### TASK DESCRIPTION
Print the data that follows exactly, leaving nothing out.

### INFORMATION PROVIDED
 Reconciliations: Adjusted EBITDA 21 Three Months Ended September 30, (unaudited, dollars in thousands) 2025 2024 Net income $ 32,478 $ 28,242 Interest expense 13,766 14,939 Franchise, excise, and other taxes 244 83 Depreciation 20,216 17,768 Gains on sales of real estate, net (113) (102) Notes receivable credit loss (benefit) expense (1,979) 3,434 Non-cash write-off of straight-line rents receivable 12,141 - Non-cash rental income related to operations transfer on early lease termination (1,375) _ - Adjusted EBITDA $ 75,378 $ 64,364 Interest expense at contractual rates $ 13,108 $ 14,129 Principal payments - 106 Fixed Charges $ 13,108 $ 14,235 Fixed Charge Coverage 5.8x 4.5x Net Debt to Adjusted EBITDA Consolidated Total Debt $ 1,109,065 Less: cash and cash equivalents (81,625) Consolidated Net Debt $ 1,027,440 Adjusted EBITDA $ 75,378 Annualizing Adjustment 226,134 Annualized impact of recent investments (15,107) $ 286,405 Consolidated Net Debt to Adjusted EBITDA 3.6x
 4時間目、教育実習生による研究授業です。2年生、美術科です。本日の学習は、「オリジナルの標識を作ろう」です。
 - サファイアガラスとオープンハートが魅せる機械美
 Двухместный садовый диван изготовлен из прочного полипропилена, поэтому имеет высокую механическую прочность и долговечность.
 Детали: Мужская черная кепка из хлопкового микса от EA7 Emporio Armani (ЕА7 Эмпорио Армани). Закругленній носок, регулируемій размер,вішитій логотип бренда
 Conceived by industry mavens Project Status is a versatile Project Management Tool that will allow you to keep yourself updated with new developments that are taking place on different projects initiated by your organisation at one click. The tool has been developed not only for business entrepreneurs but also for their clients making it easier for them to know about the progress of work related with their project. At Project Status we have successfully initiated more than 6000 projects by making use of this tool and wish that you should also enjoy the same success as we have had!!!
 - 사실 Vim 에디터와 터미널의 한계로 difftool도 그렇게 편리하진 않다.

### SOLUTION BELOW
 Reconciliations: Adjusted EBITDA 21 Three Months Ended September 30, (unaudited, dollars in thousands) 2025 2024 Net income $ 32,478 $ 28,242 Interest expense 13,766 14,939 Franchise, excise, and other taxes 244 83 Depreciation 20,216 17,768 Gains on sales of real estate, net (113) (102) Notes receivable credit loss (benefit) expense (1,979) 3,434 Non-cash write-off of straight-line rents receivable 12,141 - Non-cash rental income related to operations transfer on early lease termination (1,375) _ - Adjusted EBITDA $ 75,378 $ 64,364 Interest expense at contractual rates $ 13,108 $ 14,129 Principal payments - 106 Fixed Charges $ 13,108 $ 14,235 Fixed Charge Coverage 5.8x 4.5x Net Debt to Adjusted EBITDA Consolidated Total Debt $ 1,109,065 Less: cash and cash equivalents (81,625) Consolidated Net Debt $ 1,027,440 Adjusted EBITDA $ 75,378 Annualizing Adjustment 226,134 Annualized impact of recent investments (15,107) $ 286,405 Consolidated Net Debt to Adjusted EBITDA 3.6x
 4時間目、教育実習生による研究授業です。2年生、美術科です。本日の学習は、「オリジナルの標識を作ろう」です。
 - サファイアガラスとオープンハートが魅せる機械美
 Двухместный садовый диван изготовлен из прочного полипропилена, поэтому имеет высокую механическую прочность и долговечность.
 Детали: Мужская черная кепка из хлопкового микса от EA7 Emporio Armani (ЕА7 Эмпорио Армани). Закругленній носок, регулируемій размер,вішитій логотип бренда
 Conceived by industry mavens Project Status is a versatile Project Management Tool that will allow you to keep yourself updated with new developments that are taking place on different projects initiated by your organisation at one click. The tool has been developed not only for business entrepreneurs but also for their clients making it easier for them to know about the progress of work related with their project. At Project Status we have successfully initiated more than 6000 projects by making use of this tool and wish that you should also enjoy the same success as we have had!!!
 - 사실 Vim 에디터와 터미널의 한계로 difftool도 그렇게 편리하진 않다.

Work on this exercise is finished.